Enterprising Developments

Are We Sloppy With Our Data?

Joe McKendrick
Insurance Experts' Forum, July 12, 2012

Years ago, I heard that information replaced oil as the commodity that powers the economy. This is definitely the case for information-intensive insurance companies.

We know we waste a lot of oil, and we could be consuming it a lot more efficiently. Is the same true of information? A new survey out of Symantec Corp says as much, noting that businesses worldwide spend a total of $1.1 trillion annually attempting to keep information organized.

Yet, there's a lot of waste and mismanagement going into that trillion dollars. The Symantec survey which covered business and IT executives at 4,506 organizations across 38 countries. Yet, 61 percent admitted they lost important business information over the past 12 months, 74 percent exposed confidential information, and at least 43 percent of all this data is duplicate. In other words, this is not a recipe for efficiency.

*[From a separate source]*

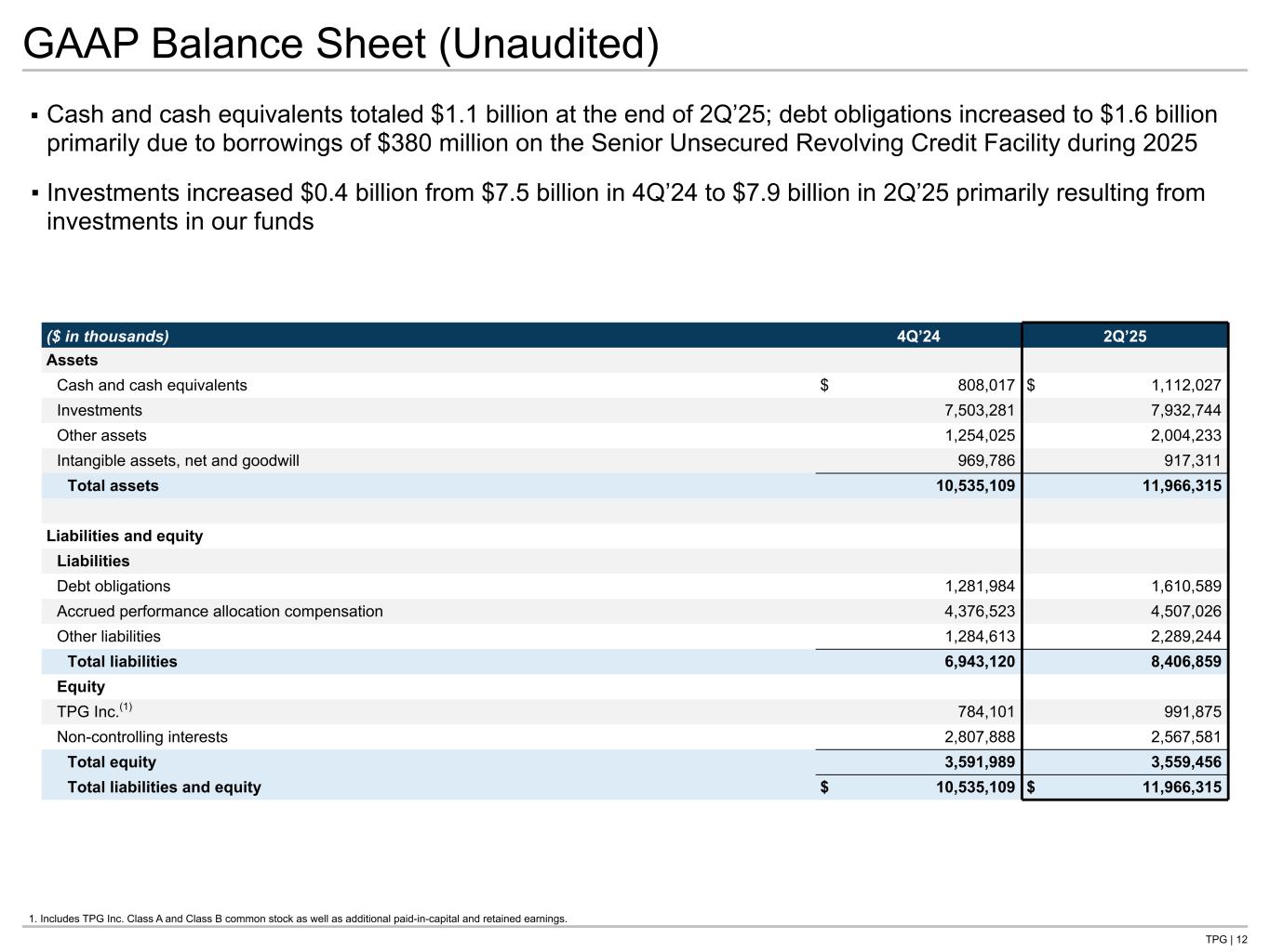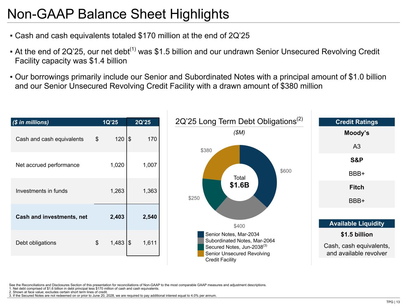 TPG | 12 GAAP Balance Sheet (Unaudited) ▪ Cash and cash equivalents totaled $1.1 billion at the end of 2Q’25; debt obligations increased to $1.6 billion primarily due to borrowings of $380 million on the Senior Unsecured Revolving Credit Facility during 2025 ▪ Investments increased $0.4 billion from $7.5 billion in 4Q’24 to $7.9 billion in 2Q’25 primarily resulting from investments in our funds 1. Includes TPG Inc. Class A and Class B common stock as well as additional paid-in-capital and retained earnings. ($ in thousands) 4Q’24 2Q’25 Assets Cash and cash equivalents $ 808,017 $ 1,112,027 Investments 7,503,281 7,932,744 Other assets 1,254,025 2,004,233 Intangible assets, net and goodwill 969,786 917,311 Total assets 10,535,109 11,966,315 Liabilities and equity Liabilities Debt obligations 1,281,984 1,610,589 Accrued performance allocation compensation 4,376,523 4,507,026 Other liabilities 1,284,613 2,289,244 Total liabilities 6,943,120 8,406,859 Equity TPG Inc.(1) 784,101 991,875 Non-controlling interests 2,807,888 2,567,581 Total equity 3,591,989 3,559,456 Total liabilities and equity $ 10,535,109 $ 11,966,315 Tie to B/S G- NG in back

How did Symantec arrive at their $1.1 trillion estimate? They found in the survey that small to medium businesses, on average, spend $332,000 on information, while enterprises spend an average of $38 million. A typical 50-employee small business spends $183,500 on information management, whereas a typical large enterprise with 2,500 employees would spend $8.2 million.

Interestingly, per-employee spending on information is higher for SMBs ($3,670) than for enterprises ($3,297). This extrapolates to more than $1 trillion globally, for all businesses.

Symantec makes the following recommendations to ensure better information management:

Focus on the information, not the device or data center: “With BYOD and cloud, information is no longer within the four walls of a company. Protection must focus on the information, not the device or data center.”

Not all information is equal: “Business must be able to separate useless data from valuable business information and protect it accordingly.”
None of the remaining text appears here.